I'll preface this by saying: the old-timers are right. No contest. The average kid consumers really don't know. I didn't know and I'm not even a kid.



I post this not a small amount of trepidation. I only know that I know next to nothing about these plants compared to the folks in this sub-forum. And I certainly put no trust the general hearsay I find when it comes to getting to the bottom of any relevant background histories.


All I can say is if anything I have written is inaccurate, please correct me.

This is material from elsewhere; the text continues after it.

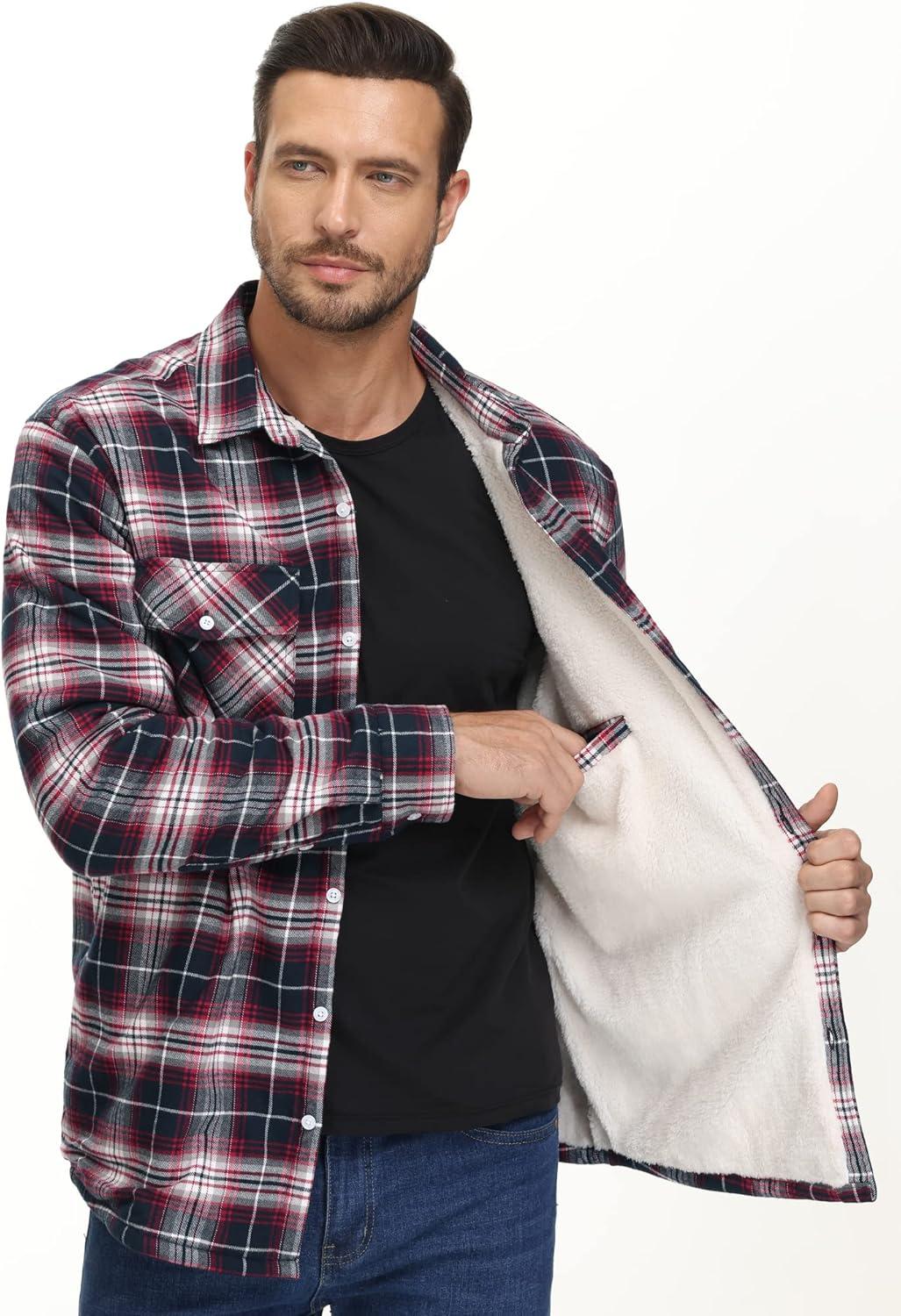 TACVASEN Men’s Fleece Flannel Plaid Shirt Jacket Soft Sherpa Lined Cotton Casual Thickened Button Down Coat With Pockets(Red)

I'm interested in learning, not being right. I am not new to horticulture, but a complete neophyte to gardening this species.


The seeds were not commercially produced. The source has nothing to gain whatsoever by lying with respect to the information they have been able to pass on: "Old school Jamaican, been here [not Jamaica] for a long time." The germination rate is only about ~25%. My understanding of timelines suggests the majority of Jamaican landrace contamination would have occurred in the late 1990's or thereafter.

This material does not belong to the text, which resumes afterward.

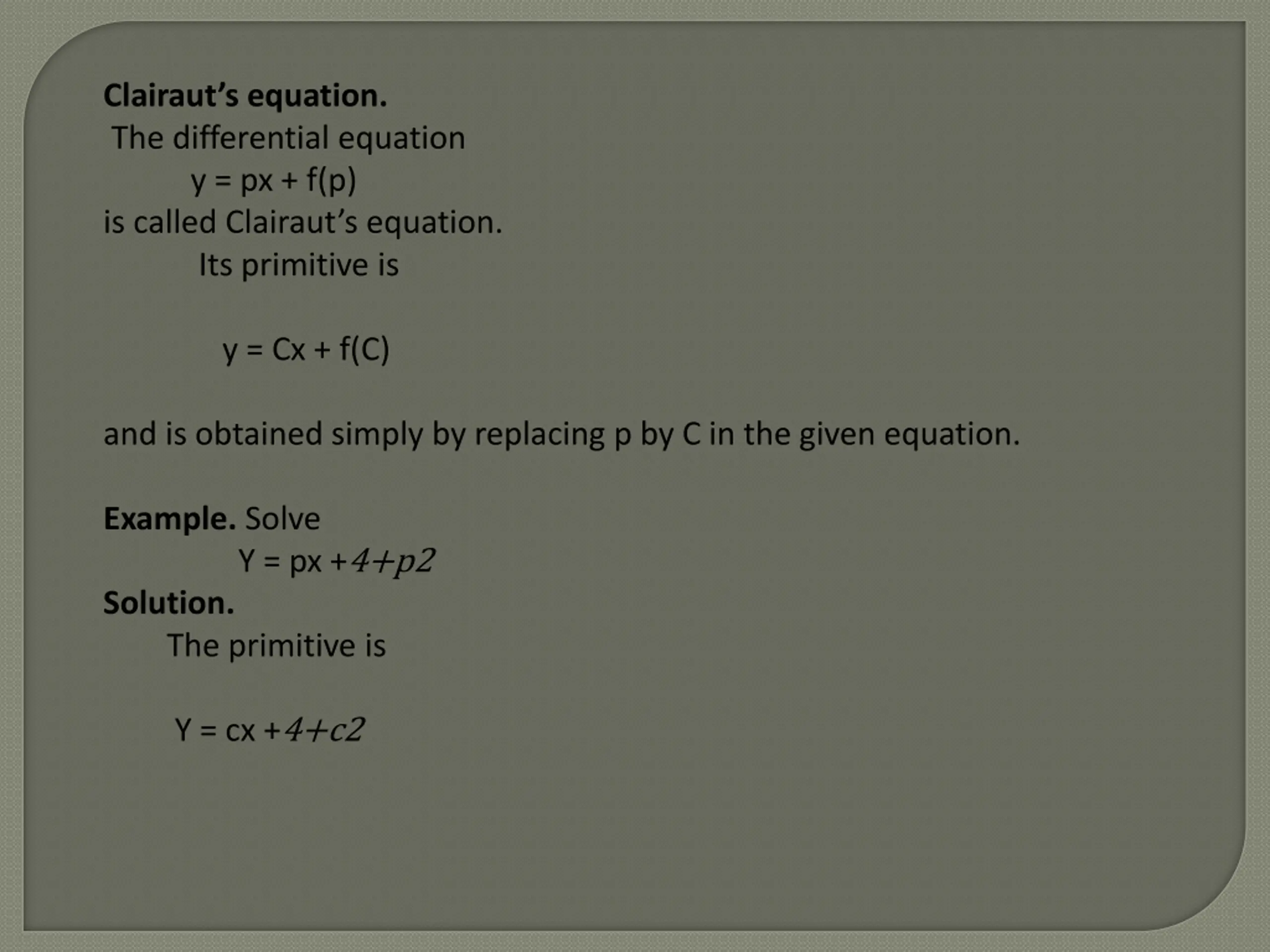 Clairauts equation. The differential equation y = px + f(p) is called Clairaut s equation. Its primitive is y = Cx + f(C) and is obtained simply by replacing p by C in the given equation. Example. Solve Y = px +4+p2 Solution. The primitive is Y = cx +4+c2

I grew and flowered two females. The plants like to grow into Charlie Brown's Christmas Tree. One main cola. The sugar leaves and buds are a plain jungle-green with that resinous iridescence, with the sugar leaves presenting am electric, lime-green midrib. The pistils are a sparkling bright white. The buds foxtail with rosary-bead-shaped 8-10 mm calyxes. The buds are leafy, but these calyxes (and sugar leaves) are VERY resinous. One plant finished at 8.5 weeks. The one of which I will post pictures is being flushed right now, and is at a day over 9 weeks.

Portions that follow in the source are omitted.